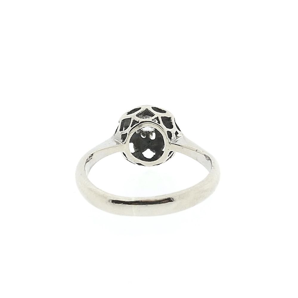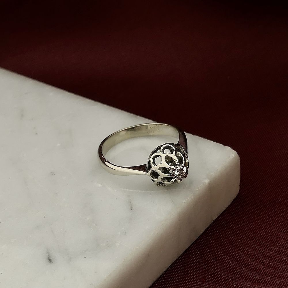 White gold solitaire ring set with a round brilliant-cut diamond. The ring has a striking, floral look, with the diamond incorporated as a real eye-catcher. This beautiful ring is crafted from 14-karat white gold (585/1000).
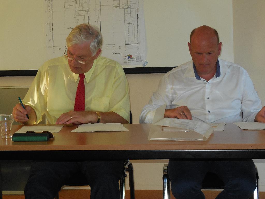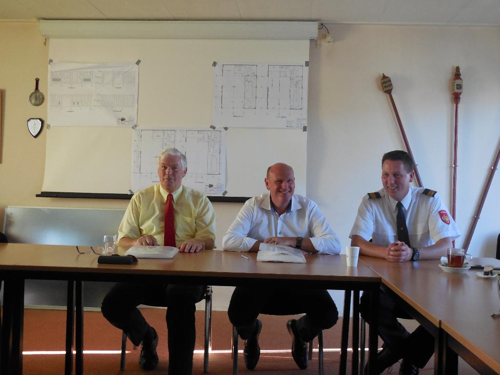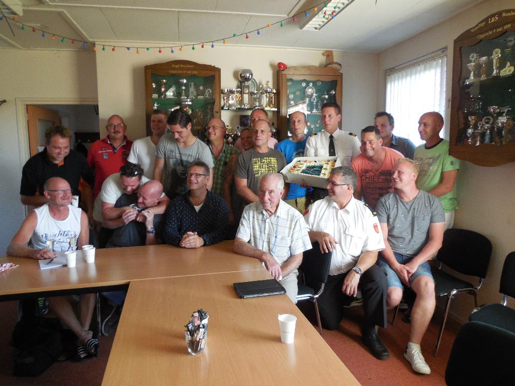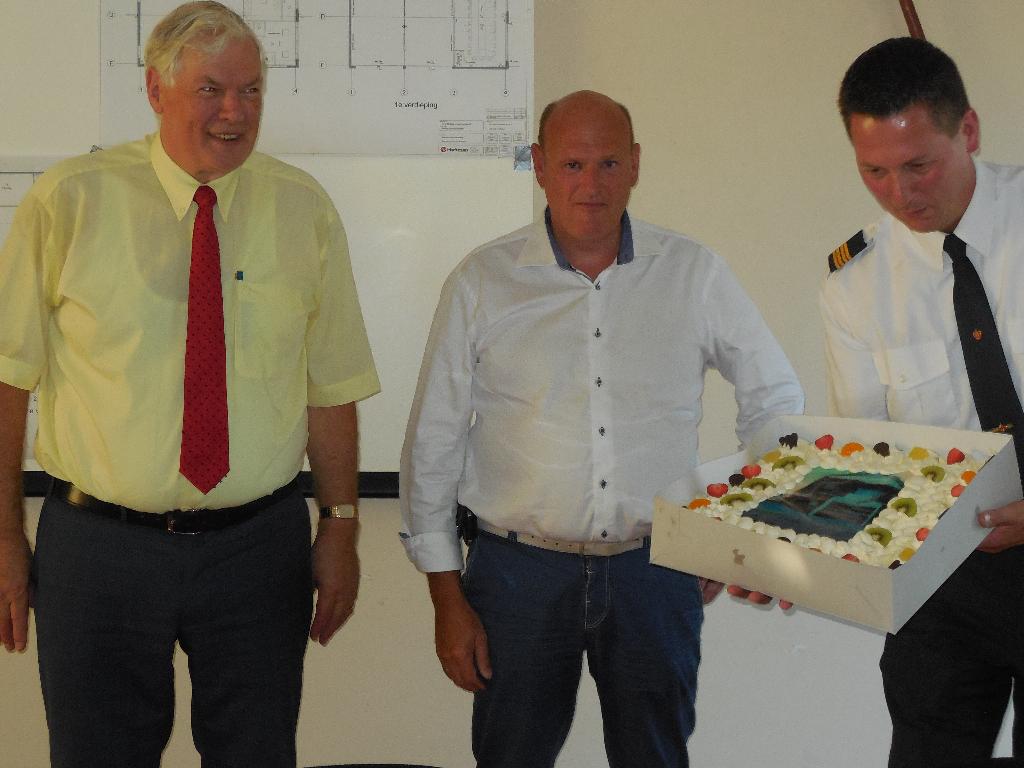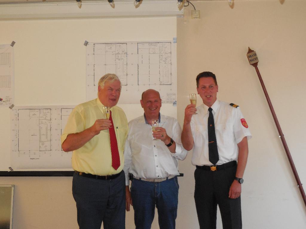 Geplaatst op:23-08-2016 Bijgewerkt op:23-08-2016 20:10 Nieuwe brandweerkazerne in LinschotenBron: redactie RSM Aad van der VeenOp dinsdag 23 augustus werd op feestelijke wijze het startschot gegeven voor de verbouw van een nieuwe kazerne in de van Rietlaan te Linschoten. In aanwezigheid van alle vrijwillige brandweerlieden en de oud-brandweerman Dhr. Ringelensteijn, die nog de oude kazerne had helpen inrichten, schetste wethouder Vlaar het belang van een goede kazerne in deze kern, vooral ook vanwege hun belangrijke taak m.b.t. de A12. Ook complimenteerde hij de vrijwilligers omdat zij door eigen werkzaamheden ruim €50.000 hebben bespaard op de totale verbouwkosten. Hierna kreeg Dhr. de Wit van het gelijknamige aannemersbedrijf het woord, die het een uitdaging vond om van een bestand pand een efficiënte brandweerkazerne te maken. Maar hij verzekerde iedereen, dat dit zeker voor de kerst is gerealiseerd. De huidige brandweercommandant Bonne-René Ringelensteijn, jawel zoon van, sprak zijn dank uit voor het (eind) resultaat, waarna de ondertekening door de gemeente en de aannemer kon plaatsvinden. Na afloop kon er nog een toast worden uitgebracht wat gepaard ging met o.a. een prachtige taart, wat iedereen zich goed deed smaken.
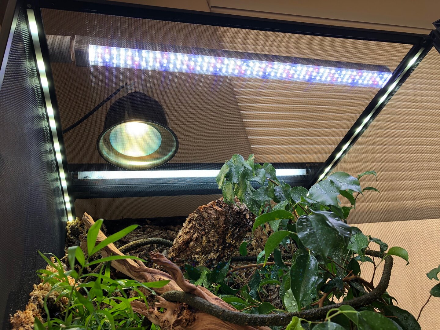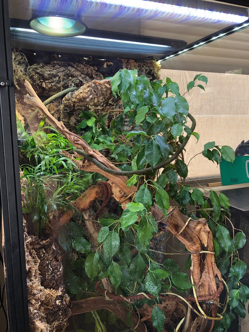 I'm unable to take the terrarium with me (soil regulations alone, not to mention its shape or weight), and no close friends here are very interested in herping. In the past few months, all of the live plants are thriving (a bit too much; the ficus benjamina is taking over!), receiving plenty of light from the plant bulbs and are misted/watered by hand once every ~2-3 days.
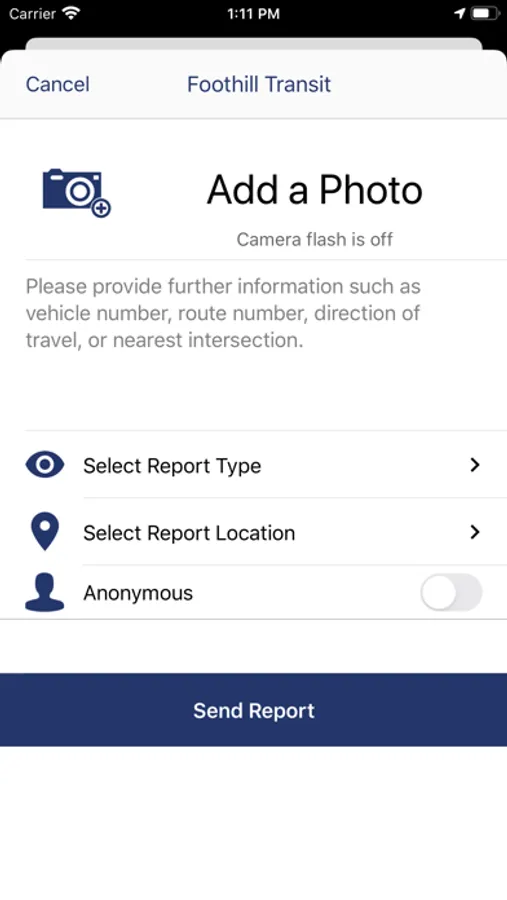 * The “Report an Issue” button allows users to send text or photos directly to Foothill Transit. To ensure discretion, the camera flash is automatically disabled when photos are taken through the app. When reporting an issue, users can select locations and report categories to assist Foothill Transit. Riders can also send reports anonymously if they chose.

Work required
Every word of the material, and none of its pictures, should be set down again.

Reply to the exercise
 White gold solitaire ring set with a round brilliant-cut diamond. The ring has a striking, floral look, with the diamond incorporated as a real eye-catcher. This beautiful ring is crafted from 14-karat white gold (585/1000).
 Geplaatst op:23-08-2016 Bijgewerkt op:23-08-2016 20:10 Nieuwe brandweerkazerne in LinschotenBron: redactie RSM Aad van der VeenOp dinsdag 23 augustus werd op feestelijke wijze het startschot gegeven voor de verbouw van een nieuwe kazerne in de van Rietlaan te Linschoten. In aanwezigheid van alle vrijwillige brandweerlieden en de oud-brandweerman Dhr. Ringelensteijn, die nog de oude kazerne had helpen inrichten, schetste wethouder Vlaar het belang van een goede kazerne in deze kern, vooral ook vanwege hun belangrijke taak m.b.t. de A12. Ook complimenteerde hij de vrijwilligers omdat zij door eigen werkzaamheden ruim €50.000 hebben bespaard op de totale verbouwkosten. Hierna kreeg Dhr. de Wit van het gelijknamige aannemersbedrijf het woord, die het een uitdaging vond om van een bestand pand een efficiënte brandweerkazerne te maken. Maar hij verzekerde iedereen, dat dit zeker voor de kerst is gerealiseerd. De huidige brandweercommandant Bonne-René Ringelensteijn, jawel zoon van, sprak zijn dank uit voor het (eind) resultaat, waarna de ondertekening door de gemeente en de aannemer kon plaatsvinden. Na afloop kon er nog een toast worden uitgebracht wat gepaard ging met o.a. een prachtige taart, wat iedereen zich goed deed smaken.
 I'm unable to take the terrarium with me (soil regulations alone, not to mention its shape or weight), and no close friends here are very interested in herping. In the past few months, all of the live plants are thriving (a bit too much; the ficus benjamina is taking over!), receiving plenty of light from the plant bulbs and are misted/watered by hand once every ~2-3 days.
 * The “Report an Issue” button allows users to send text or photos directly to Foothill Transit. To ensure discretion, the camera flash is automatically disabled when photos are taken through the app. When reporting an issue, users can select locations and report categories to assist Foothill Transit. Riders can also send reports anonymously if they chose.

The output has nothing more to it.